A parameter is a placeholder for an assumption. So you may have inflation as a parameter, and assume a value of 3% for that parameter.
Therefore for a stress test you are not testing your assumption of 3%, but the effect a particularly large assumption would have on the output.
While for a sensitivity test you are testing how sensitive the output is to your assumption of 3% (eg does 3.5% provide a very different output than 3%, or does it make very little difference at all). The assumptions that are sensitive are the ones that should be focussed on with more detail at the calibration stage. But as the notes say if you expect the model to be very sensitive to a particular assumption but it turns out not to be then it may be a flaw in the model which needs to be addressed.

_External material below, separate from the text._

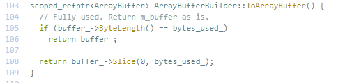 raw_data_->ToArrayBuffer()可能会返回内部buffer的拷贝,或者是返回一个指向其偏移buffer的指针。
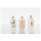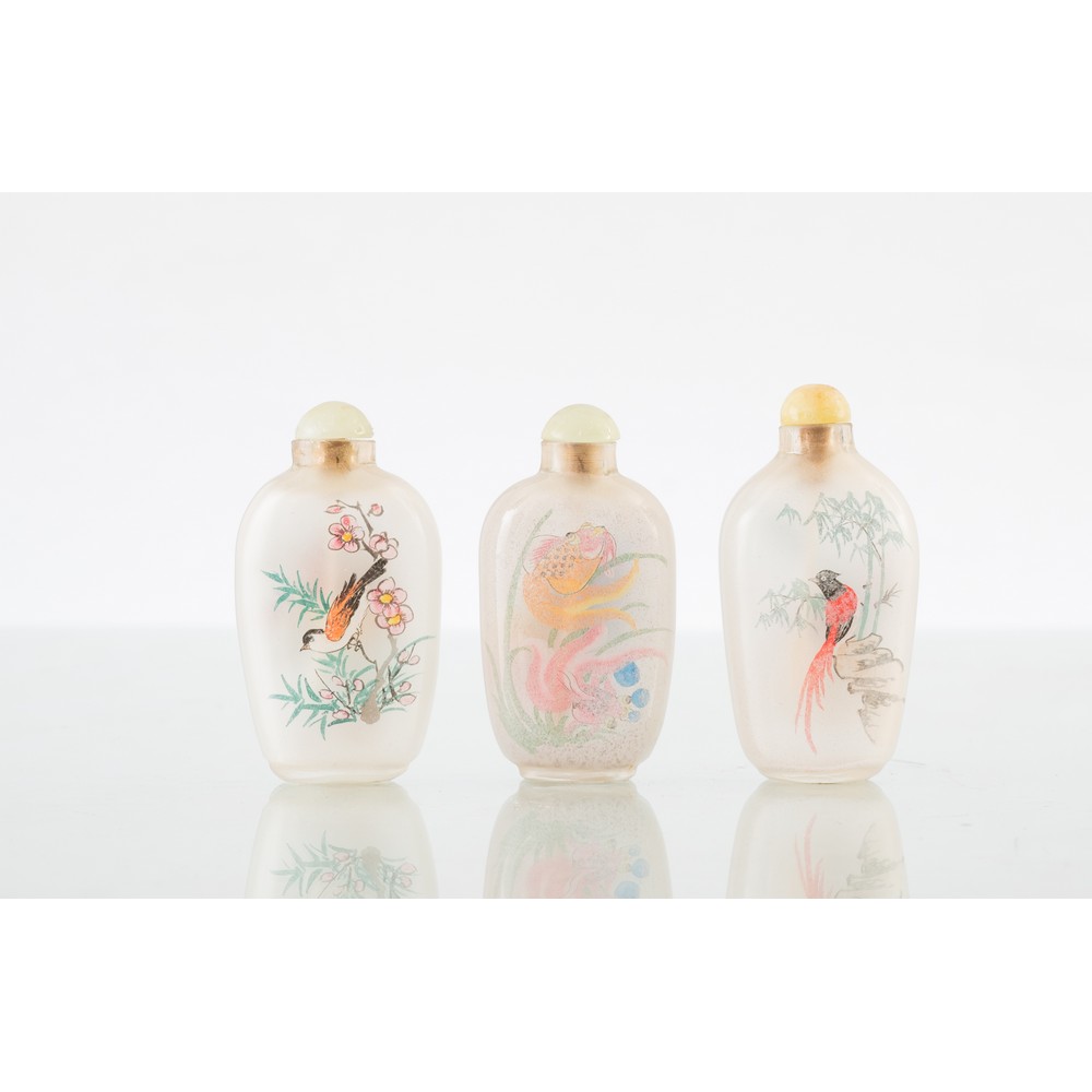 Tre piccole bottiglie di vetro con decori a motivo floreali e volatili.

Scenario tests are conceivable scenarios in the real world. Holding all parameters equal except for one, which is stressed, is not a realistic scenario, as many variables are correlated.
I often think of stress tests and sensitivity tests as being useful during the calibration stage, while scenario tests are more applicable to the actual capital setting stage. There is of course overlap between them (eg if a scenario test doesn't give the output that is expected then this may be a flaw in the model), but that might be a way for you to consider them.
Don't forget that when it comes to someone sitting down and building a model, they can't simply build it, apply lots of scenarios and measure the effect. They have to check their work, observe all the nuances of the model based on their calibration, explain reasons for certain outputs, quantify the effect of particular scenarios, etc. Sensitivity tests, stress tests and scenario tests are three means of doing that.